Start by laying down a base of sheer synthetic fabrics. (You can use solid synthetics too, as long as they're something that melts under the heat gun; but I prefer to stick to sheers here.) It's best if you choose analogous colors here that will layer well, since you do want to let the pieces overlap and blend. When the sandwich is made, stitch, rinse, and dry as usual.

Here's the starting point. Kind of boring, isn't it?
















I've stitched a larger grid than usual - lines about 3/4" apart - to give the fabrics plenty of room to move and crinkle while they're being zapped.

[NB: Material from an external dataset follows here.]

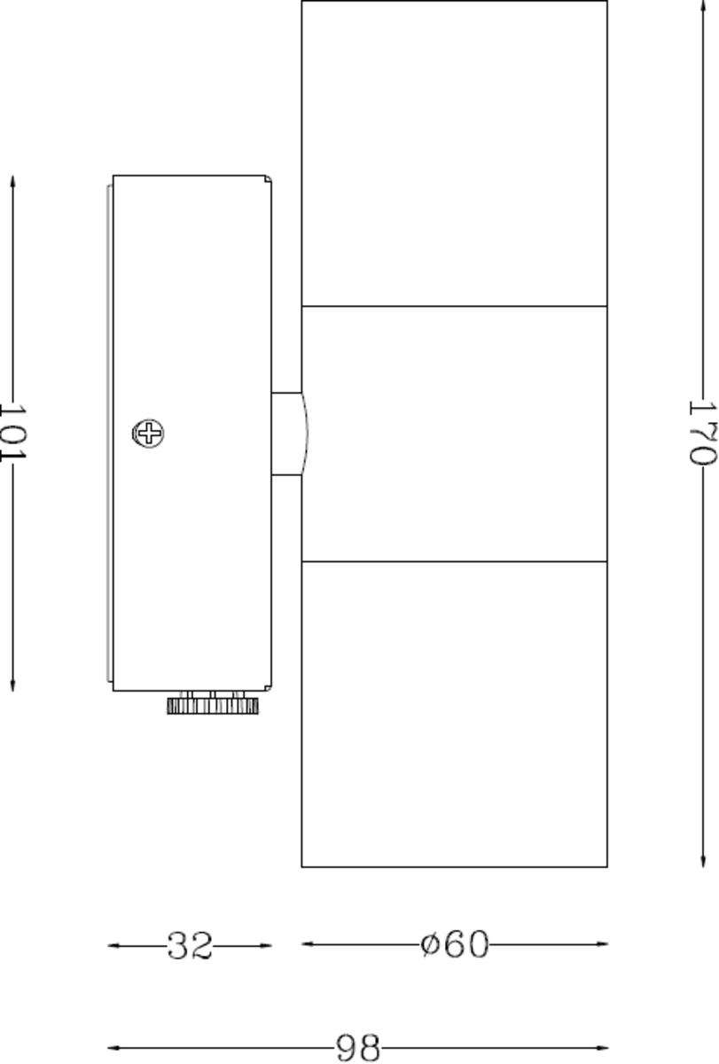 • Dimensions:Height: 170 mmDiameter: 60 mmProjection: 98 mm

Next step: Put the fabric on a heat-resistant surface like a ceramic tile or a concrete driveway and zap it lightly with the heat gun. (NOT a paint stripping heat gun from the hardware store - the kind of heat tool you find in crafts stores for melting embossing powder. We want to distress the fabric, not incinerate it.)

Even with the lower-power heat tool it's easy to go to far and wind up with a shriveled, plastic-hard blob. So work slowly, moving the heat gun to a new area every time the fabric you're heating begins to react, and maybe stop after the first few passes to evaluate how it's going.

















This is more interesting than the original, but it still has a way to go. Back to the ceramic tile and heat gun!


















Now this is a nice lacy fabric. Two of the synthetics reacted in particularly interesting ways, and I look forward to playing with them more after this project of samples and variations is done.

One fabric I used was a very sheer synthetic overprinted with a gold metallic grid. The sheer parts vanished almost completely and the grid remained.















Another fabric was snipped from one of the super-cheap, three-dollar saris I bought in India. This stuff melted in a very lacy way, which not all synthetics do; some of them just curl up and shrivel into hard beads.